# Guest Student Programme 2012

## Proceedings

Winkel, Mathias (Ed.) (2012)

Technical Report FZJ-JSC-IB-2012-01, November 2012

## Abstracts

### Embedding Plasticity into a Parallel Green’s Function Molecular Dynamics Code

**Barbara Schlögl, University of Würzburg**

**Adviser: Prof. Dr. Martin Müser (NIC), Mykola Prodanov (NIC)**

Numerical simulation of plastic deformation of solid bodies is still a challenging field in contact mechanics. In this work we describe four different approaches to implement plastic deformation into a parallel Green’s function molecular dynamics (GFMD) code originally developed for handling only the elastic case. The first approach of local deformation in real space suffers from the fact that its optimization is not universal over a range of pressures, as well as from discontinuities in the displacement field. The second approach of pressure-dependent deformation taking into account the position of nearest neighbours produces ringing artifacts from the transformation to Fourier space. While the last two propositions seem promising, they need some further investigation to ensure or refute their feasibility.

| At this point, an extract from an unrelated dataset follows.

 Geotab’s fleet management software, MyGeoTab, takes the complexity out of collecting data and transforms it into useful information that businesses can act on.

### Multigrid, conjugate gradient solver for Reynolds thin film equation

**Sepastian Rupprecht, University of Augsburg**

**Adviser: Prof. Dr. Martin Müser (NIC), Dr. Wolf Dapp (NIC)**

In this report, we study the flow between two solids with rough surfaces, as described by Reynolds thin film equation. After deriving the equation’s weak formulation by variational calculus, we calculate the current with a conjugate gradient method. To obtain better runtime performances we implement sparse matrices and compare various iterative solvers and preconditioners. We show that the conjugate gradient method is clearly superior to a local solver. This holds for both approaches to model the contact area between the two surfaces, the traditional cutoff model and the elastic model.

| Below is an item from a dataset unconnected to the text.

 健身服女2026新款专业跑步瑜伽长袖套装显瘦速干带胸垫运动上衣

### Visualizing Complex Functions Using GPUs

**Khaldoon Ghanem, RWTH Aachen University**

**Adviser: Prof. Dr. Erik Koch (GRS)**

This document explains some common methods of visualizing complex functions and how to implement them on the GPU. Using the fragment shader, we visualize complex functions in the complex plane with the domain coloring method. Then using the vertex shader, we visualize complex functions defined on a unit sphere like spherical harmonics. Finally, we redesign the marching tetrahedra algorithm to work on the GPGPU frameworks and use it for visualizing complex scalar fields in 3D space.

### Porting and optimization of EPOCH (a Particle-In-Cell code) to Blue Gene/Q

**David Martin Rodriguez, University of Salamanca**

**Adviser: Dr. Anupam Karmakar (JSC)**

Laser-plasma interaction can be simulated with Particle-In-Cell (PIC) codes. We had a MPI parallelized PIC code, called EPOCH, running on a BlueGene/P architecture in the Jülich Supercomputing Centre (JSC). Since the JSC was upgrading the hardware to a BlueGene/Q, the code needed to be ported to the new architecture. Here we analyze the parallelization of the code and discuss the possible need for hybrid parallelization to adapt the code to the multicore nature of BlueGene/Q. Therefore we implement several hybrid parallelization strategies and analyze the impact on the code performance.

### Optimization of Lattice QCD kernels for Blue Gene/Q

**Christian Jost, University of Bonn**

**Adviser: Dr. Stefan Krieg (JSC), Prof. Dr. Dirk Pleiter (JSC)**

In this project the QDP++ library of the USQCD software package was optimized for the Blue Gene/Q supercomputer. The sublibrary libintrin was recoded and works correctly. Due to compiler problems with the used templates, the C++ was recoded but could not be compiled. While the new library works correctly the full integration of the library into QDP++ could not be completed within this project. Due to the limitation of the tests not every aspect of the code could be tested thoroughly, but a problem with the data alignment in memory was found and fixed. The amount of data used was very small and it can be assumed that the performance of the code will increase with larger problem sizes due to better usage of the resources.

### Graph 500 benchmarking using flash memory cards

**Tommaso Zanca, University of Ferrara**

**Adviser: Prof. Dr. Dirk Pleiter (JSC)**

The performance of supercomputers is measured using benchmarks, where a large amount of data are computed by the machine. Graph 500 is a benchmark designed for testing the access speed to data that present highly irregular patterns, typical of graph structures. Volatile memory is easily exceeded for this kind of applications, so additional memory from external devices is necessary. Our analysis focused on flash memory cards, which present larger access speed to data than hard disks, and memory dimension of several hundreds of GBytes. The performance measurements have been performed on the computer cluster JUNIORS installed at Forschungszentrum Jülich.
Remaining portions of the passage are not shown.